STORED DATA |
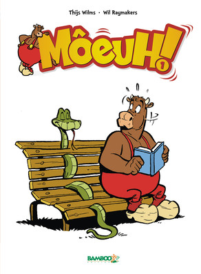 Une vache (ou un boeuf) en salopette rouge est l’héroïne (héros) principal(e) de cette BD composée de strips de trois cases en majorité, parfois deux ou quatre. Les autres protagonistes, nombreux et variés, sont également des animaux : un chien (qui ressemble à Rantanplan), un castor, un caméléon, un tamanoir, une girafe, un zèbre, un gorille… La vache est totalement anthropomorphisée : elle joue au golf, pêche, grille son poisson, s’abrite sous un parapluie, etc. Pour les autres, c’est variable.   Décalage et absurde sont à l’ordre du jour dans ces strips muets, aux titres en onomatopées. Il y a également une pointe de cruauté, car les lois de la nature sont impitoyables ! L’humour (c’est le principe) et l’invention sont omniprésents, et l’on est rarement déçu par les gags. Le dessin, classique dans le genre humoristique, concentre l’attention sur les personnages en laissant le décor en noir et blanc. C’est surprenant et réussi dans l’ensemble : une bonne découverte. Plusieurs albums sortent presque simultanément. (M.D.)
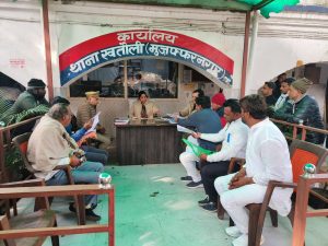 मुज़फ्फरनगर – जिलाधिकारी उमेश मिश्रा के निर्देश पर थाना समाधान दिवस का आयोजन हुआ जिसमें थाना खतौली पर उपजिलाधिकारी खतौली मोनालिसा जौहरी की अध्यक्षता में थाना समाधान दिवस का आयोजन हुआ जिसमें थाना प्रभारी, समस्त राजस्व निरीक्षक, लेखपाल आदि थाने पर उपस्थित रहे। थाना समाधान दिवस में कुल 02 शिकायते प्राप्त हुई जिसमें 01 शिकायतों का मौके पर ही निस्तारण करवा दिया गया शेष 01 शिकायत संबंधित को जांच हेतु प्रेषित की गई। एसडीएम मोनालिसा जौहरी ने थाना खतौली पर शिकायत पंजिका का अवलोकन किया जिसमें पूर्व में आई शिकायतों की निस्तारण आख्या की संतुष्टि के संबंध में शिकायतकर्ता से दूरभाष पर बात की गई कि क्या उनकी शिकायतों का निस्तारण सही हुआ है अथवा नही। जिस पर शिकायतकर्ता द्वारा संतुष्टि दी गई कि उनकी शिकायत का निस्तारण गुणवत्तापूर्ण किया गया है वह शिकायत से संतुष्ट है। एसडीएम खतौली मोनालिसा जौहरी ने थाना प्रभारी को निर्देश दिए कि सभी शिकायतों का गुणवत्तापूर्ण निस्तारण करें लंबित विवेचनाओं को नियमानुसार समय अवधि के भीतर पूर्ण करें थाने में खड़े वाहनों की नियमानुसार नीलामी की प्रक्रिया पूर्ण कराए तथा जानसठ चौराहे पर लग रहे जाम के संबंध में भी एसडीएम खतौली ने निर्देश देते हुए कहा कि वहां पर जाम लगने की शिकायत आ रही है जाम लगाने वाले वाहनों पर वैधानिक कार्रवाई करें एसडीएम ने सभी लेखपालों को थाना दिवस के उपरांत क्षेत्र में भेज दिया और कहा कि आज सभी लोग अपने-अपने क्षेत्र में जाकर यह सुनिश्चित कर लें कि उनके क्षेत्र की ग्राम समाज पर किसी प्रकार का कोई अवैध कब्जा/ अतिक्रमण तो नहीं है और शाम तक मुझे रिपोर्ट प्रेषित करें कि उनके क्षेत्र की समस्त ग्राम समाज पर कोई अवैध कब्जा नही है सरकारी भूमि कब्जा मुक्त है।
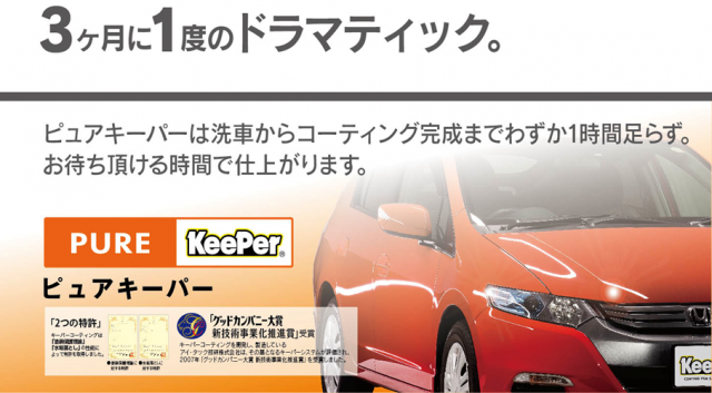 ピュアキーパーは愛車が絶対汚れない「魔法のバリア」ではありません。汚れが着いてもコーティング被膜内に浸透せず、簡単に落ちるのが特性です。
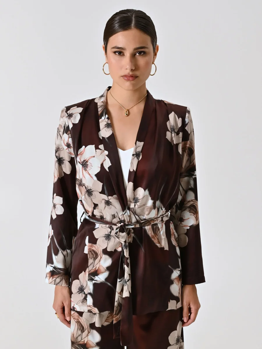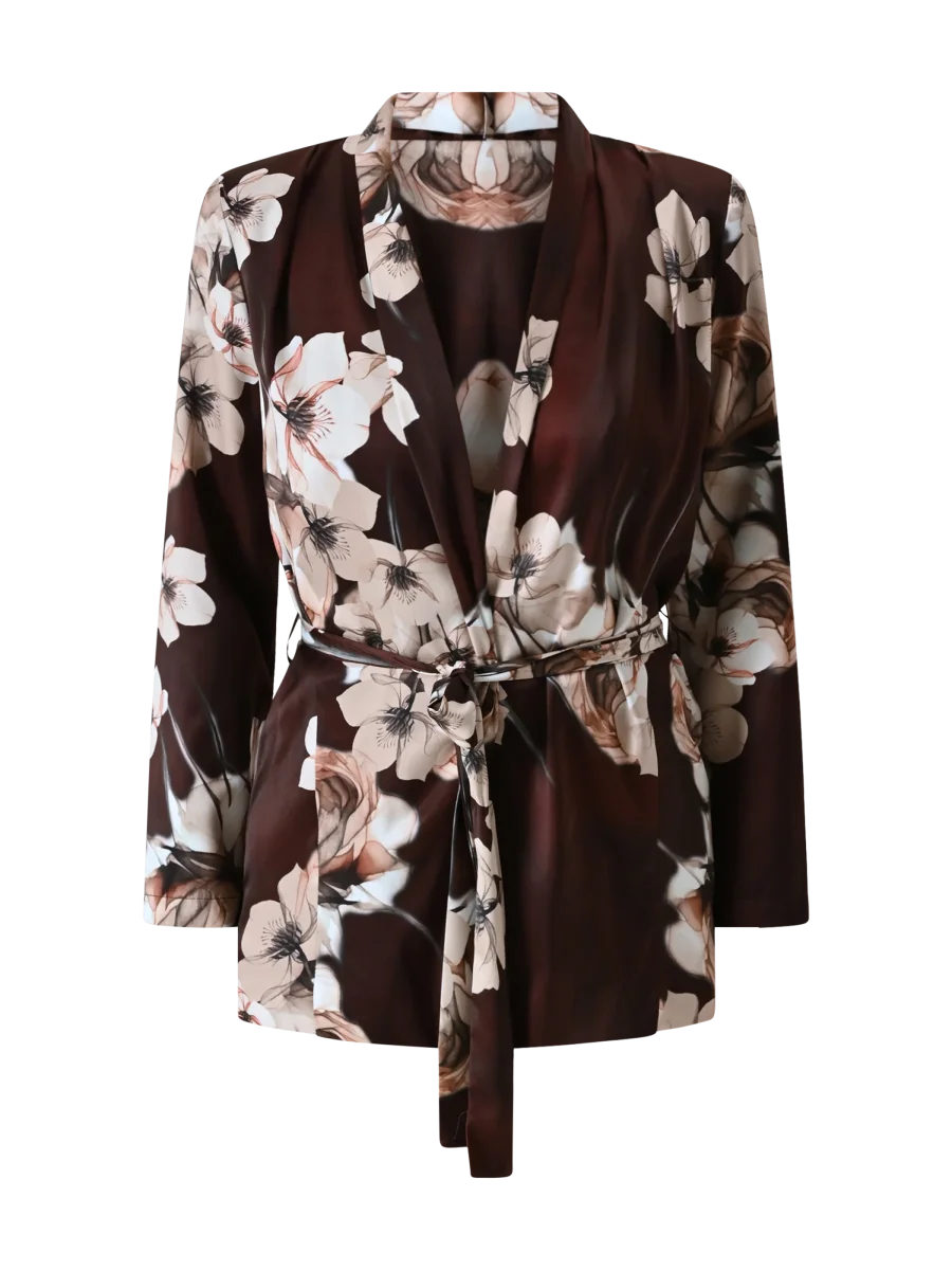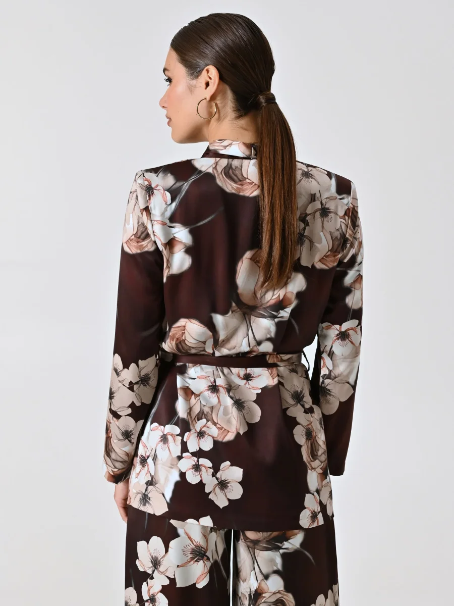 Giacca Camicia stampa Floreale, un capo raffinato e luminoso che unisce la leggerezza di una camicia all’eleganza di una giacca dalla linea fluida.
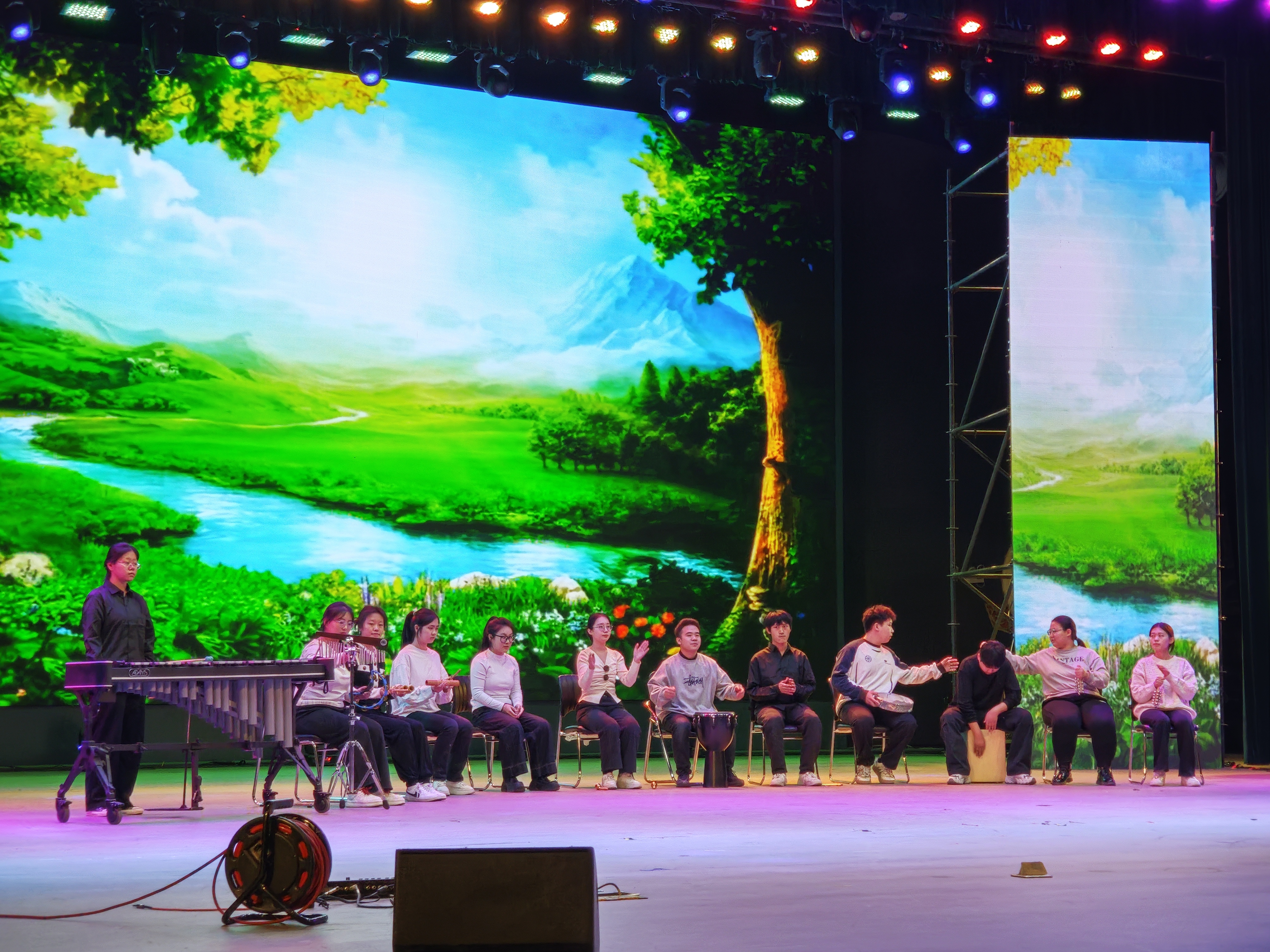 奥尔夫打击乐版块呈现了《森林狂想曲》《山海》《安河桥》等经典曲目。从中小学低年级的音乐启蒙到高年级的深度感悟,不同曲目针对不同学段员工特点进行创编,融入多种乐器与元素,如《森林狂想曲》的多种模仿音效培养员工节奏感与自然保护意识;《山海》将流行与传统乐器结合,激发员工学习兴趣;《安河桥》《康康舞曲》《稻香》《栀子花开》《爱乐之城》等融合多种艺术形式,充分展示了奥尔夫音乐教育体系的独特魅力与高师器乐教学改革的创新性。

WORK TASK |
Instructions for the listing above: set down every entry exactly and drop any image.

SOLUTION BELOW |
 Une vache (ou un boeuf) en salopette rouge est l’héroïne (héros) principal(e) de cette BD composée de strips de trois cases en majorité, parfois deux ou quatre. Les autres protagonistes, nombreux et variés, sont également des animaux : un chien (qui ressemble à Rantanplan), un castor, un caméléon, un tamanoir, une girafe, un zèbre, un gorille… La vache est totalement anthropomorphisée : elle joue au golf, pêche, grille son poisson, s’abrite sous un parapluie, etc. Pour les autres, c’est variable.   Décalage et absurde sont à l’ordre du jour dans ces strips muets, aux titres en onomatopées. Il y a également une pointe de cruauté, car les lois de la nature sont impitoyables ! L’humour (c’est le principe) et l’invention sont omniprésents, et l’on est rarement déçu par les gags. Le dessin, classique dans le genre humoristique, concentre l’attention sur les personnages en laissant le décor en noir et blanc. C’est surprenant et réussi dans l’ensemble : une bonne découverte. Plusieurs albums sortent presque simultanément. (M.D.)
 मुज़फ्फरनगर – जिलाधिकारी उमेश मिश्रा के निर्देश पर थाना समाधान दिवस का आयोजन हुआ जिसमें थाना खतौली पर उपजिलाधिकारी खतौली मोनालिसा जौहरी की अध्यक्षता में थाना समाधान दिवस का आयोजन हुआ जिसमें थाना प्रभारी, समस्त राजस्व निरीक्षक, लेखपाल आदि थाने पर उपस्थित रहे। थाना समाधान दिवस में कुल 02 शिकायते प्राप्त हुई जिसमें 01 शिकायतों का मौके पर ही निस्तारण करवा दिया गया शेष 01 शिकायत संबंधित को जांच हेतु प्रेषित की गई। एसडीएम मोनालिसा जौहरी ने थाना खतौली पर शिकायत पंजिका का अवलोकन किया जिसमें पूर्व में आई शिकायतों की निस्तारण आख्या की संतुष्टि के संबंध में शिकायतकर्ता से दूरभाष पर बात की गई कि क्या उनकी शिकायतों का निस्तारण सही हुआ है अथवा नही। जिस पर शिकायतकर्ता द्वारा संतुष्टि दी गई कि उनकी शिकायत का निस्तारण गुणवत्तापूर्ण किया गया है वह शिकायत से संतुष्ट है। एसडीएम खतौली मोनालिसा जौहरी ने थाना प्रभारी को निर्देश दिए कि सभी शिकायतों का गुणवत्तापूर्ण निस्तारण करें लंबित विवेचनाओं को नियमानुसार समय अवधि के भीतर पूर्ण करें थाने में खड़े वाहनों की नियमानुसार नीलामी की प्रक्रिया पूर्ण कराए तथा जानसठ चौराहे पर लग रहे जाम के संबंध में भी एसडीएम खतौली ने निर्देश देते हुए कहा कि वहां पर जाम लगने की शिकायत आ रही है जाम लगाने वाले वाहनों पर वैधानिक कार्रवाई करें एसडीएम ने सभी लेखपालों को थाना दिवस के उपरांत क्षेत्र में भेज दिया और कहा कि आज सभी लोग अपने-अपने क्षेत्र में जाकर यह सुनिश्चित कर लें कि उनके क्षेत्र की ग्राम समाज पर किसी प्रकार का कोई अवैध कब्जा/ अतिक्रमण तो नहीं है और शाम तक मुझे रिपोर्ट प्रेषित करें कि उनके क्षेत्र की समस्त ग्राम समाज पर कोई अवैध कब्जा नही है सरकारी भूमि कब्जा मुक्त है।
 ピュアキーパーは愛車が絶対汚れない「魔法のバリア」ではありません。汚れが着いてもコーティング被膜内に浸透せず、簡単に落ちるのが特性です。
 Giacca Camicia stampa Floreale, un capo raffinato e luminoso che unisce la leggerezza di una camicia all’eleganza di una giacca dalla linea fluida.
 奥尔夫打击乐版块呈现了《森林狂想曲》《山海》《安河桥》等经典曲目。从中小学低年级的音乐启蒙到高年级的深度感悟,不同曲目针对不同学段员工特点进行创编,融入多种乐器与元素,如《森林狂想曲》的多种模仿音效培养员工节奏感与自然保护意识;《山海》将流行与传统乐器结合,激发员工学习兴趣;《安河桥》《康康舞曲》《稻香》《栀子花开》《爱乐之城》等融合多种艺术形式,充分展示了奥尔夫音乐教育体系的独特魅力与高师器乐教学改革的创新性。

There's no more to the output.